Vanderford draws a distinction between modern natural right and classic natural right. Modern natural right is the idea expressed at the founding of the United States that the consent of the governed is necessary to legitimate government and that all men are equal. In contrast, classic natural right is the theory that the wise should rule; it is drawn from ancient philosophers like Aristotle, who believed that men were inherently unequal. Vanderford asserts that St. George Tucker, in his role as a professor and a writer, was a strong defender of the concept of modern natural right.

How did St. George Tucker's championing of modern natural right relate to slavery? According to Vanderford, while Tucker did argue that Virginians should free their slaves, he and his like-minded contemporaries justified slavery because they feared retribution from manumitted slaves. One of Vanderford's most problematic arguments is his assertion that Tucker, Jefferson, and others were not hypocritical for continuing to be slaveholders because they had a legitimate right to self-preservation that would be threatened if they were to free their slaves. He argues that historians have underestimated the inherent dangers of freedpeople to their former masters: "it may well be contemporary historians, not men like Jefferson and Tucker, who have failed to give the slaves of this period their due" (p. 22). Generally, Vanderford takes a dismissive tone toward modern historians and their "obsession with racism" (p. 12). Perhaps Tucker, Jefferson, and their intellectual heirs did try to justify slavery as a necessary evil by claiming the right of self-preservation, but Vanderford's presentation of this view as legitimate is puzzling. Vanderford also discusses how St. George Tucker's legacy was betrayed when southern intellectuals began to argue that slavery was a positive good instead of just a necessary evil, which reflected a new reliance on classic natural right.
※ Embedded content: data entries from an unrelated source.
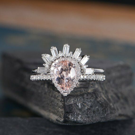 2ct Pear Cut Peach Morganite Engagement Ring 14k White Gold Over Halo Bridal Set
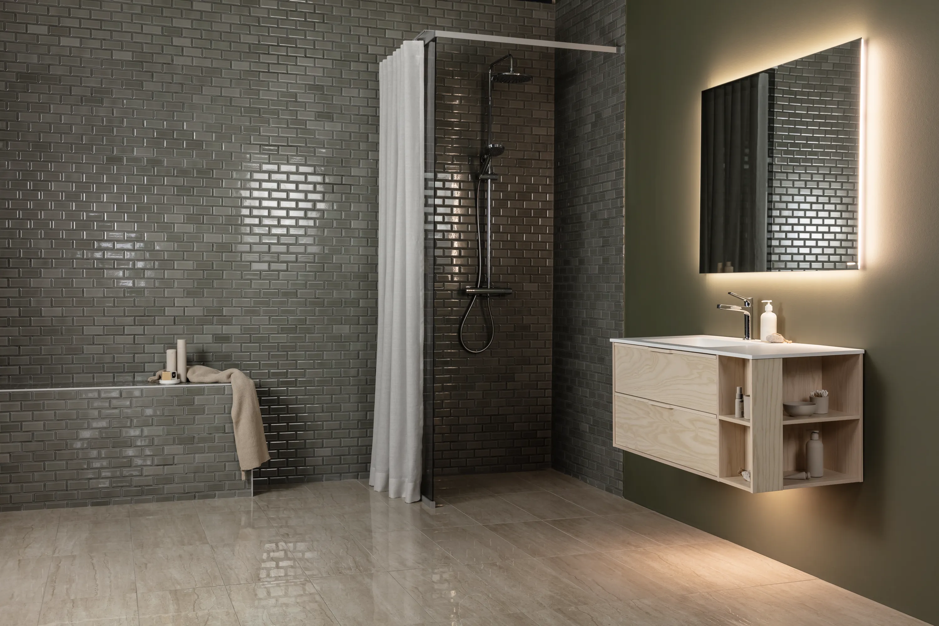 Grått ”metrokakel” som består av små fasade plattor monterade på nät. Ytan är blank och har en vacker lyster. Det unika formatet, 4,5x9,5 cm, ger denna klassiska variant av plattor ett nytt modernt uttryck. Formatet är perfekt för små utrymmen, som toalett, badrum eller som stänkskydd i kök. Kaklet kan givetvis också sättas på större ytor och ger då ett mer livligt intryck. Metro finns i flera färger.
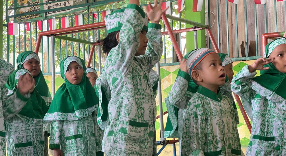 Anak-anak RA Raudlatul Qur’an 2 Sagulung Batam terlihat ceria saat memulai kegiatan belajar pagi. Dengan seragam hijau khas madrasah, mereka belajar sambil bermain dalam suasana penuh kebersamaan.
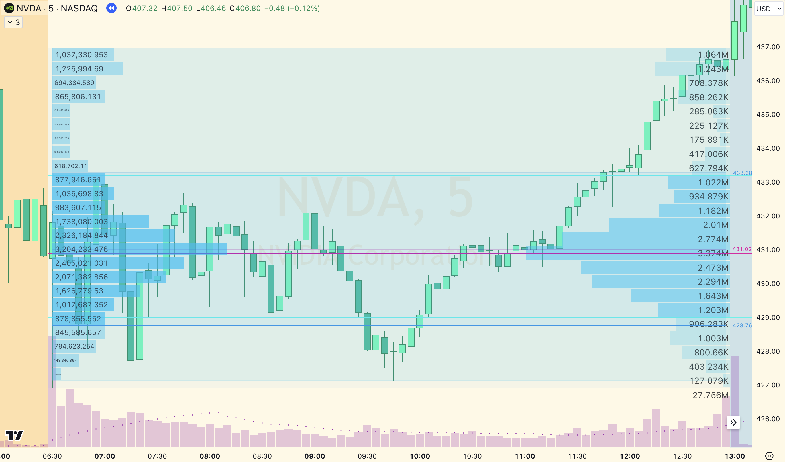 You can even write the volume in each of the 24 rows. For comparison, here's a screenshot of my SVP (on the left) and TradingViews SVP (on the right).
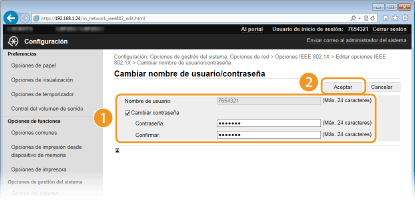 Introduzca hasta 24 caracteres alfanuméricos en el nombre de usuario. [Cambiar contraseña]

Vanderford is stronger in his chapters on the Tuckers' views on states' rights. St. George Tucker argued that individual states had rights analogous to the rights of individuals. Because under modern natural right individuals can leave the social compact, the states also had the right to secede from the United States under the Constitution. In contrast, Vanderford argues that those who opposed secession had reverted to classic natural right in insisting that the states remain subservient to a "wise" federal government. Vanderford's sympathies lie with the Tuckers; regarding the present he argues "the rights of states should [End Page 405] continue to exist as a means to defend the rights of political minorities" (p. 137).

In brief, Vanderford's arguments are thought provoking but not entirely convincing. This book would make for some spirited conversation in a graduate seminar.